The majority of the claims brought by the Blackfeet Tribe and the Muscogee (Creek) Nation in the opioid multidistrict litigation should be allowed to move
forward, a federal magistrate judge has said.

U.S. Magistrate Judge David A. Ruiz issued two reports Monday recommending trimming the tribes’
claims against drug manufacturers, distributors and pharmacies, but concluded that the bulk of their
suits should withstand defense motions to dismiss, leaving claims alleging Racketeer Influenced and
Corrupt Organizations Act violations, negligence and nuisance in play.

The tribes accuse the manufacturer defendants, which include Purdue Pharma and Endo
Pharmaceuticals along with generic drug companies such as Allergan, of making misleading
statements about the addiction risks associated with using opioids for pain treatment.
They want to hold those companies accountable for what they say are disproportionately high
rates of opioid addiction and related deaths in their communities: In 2014, Native Americans had the
highest death rate from opioid overdoses out of any ethnic group, according to the Centers for
Disease Control and Prevention.

In response to those claims, the brand-name drug manufacturer defendants said the state law claims
brought by the tribes were preempted by the U.S. Food and Drug Administration’s regulations on
product labeling. The tribes allege that the companies should have included warnings on their
products related to the potential risk of addiction.
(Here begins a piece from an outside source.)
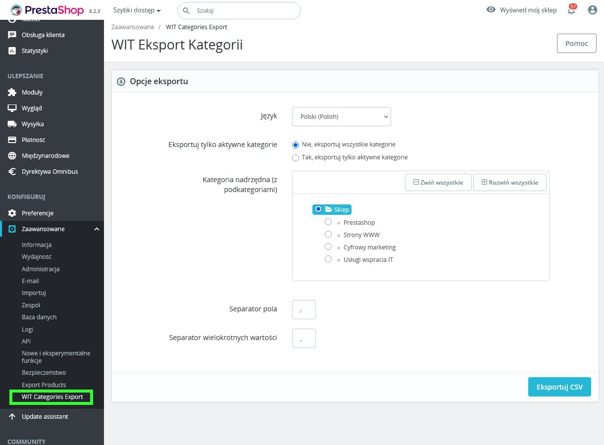 WIT Export Categories to profesjonalny moduł umożliwiający eksport kategorii PrestaShop do pliku CSV zgodnego z importerem systemu. Obsługuje wielojęzyczność, filtrowanie aktywnych kategorii oraz eksport całych poddrzew kategorii.

But the manufacturers said they were complying
with FDA requirements, and that the agency would never have approved the product warnings
sought by the tribe.

To support their argument, the manufacturers cited the agency’s response to a 2012 petition
requesting greater constraints on opioid marketing. Responding to the petition, the FDA declined to
specify a maximum daily dosage for opioids or put a limit on how long the drugs should be used for
or to implement other marketing restrictions.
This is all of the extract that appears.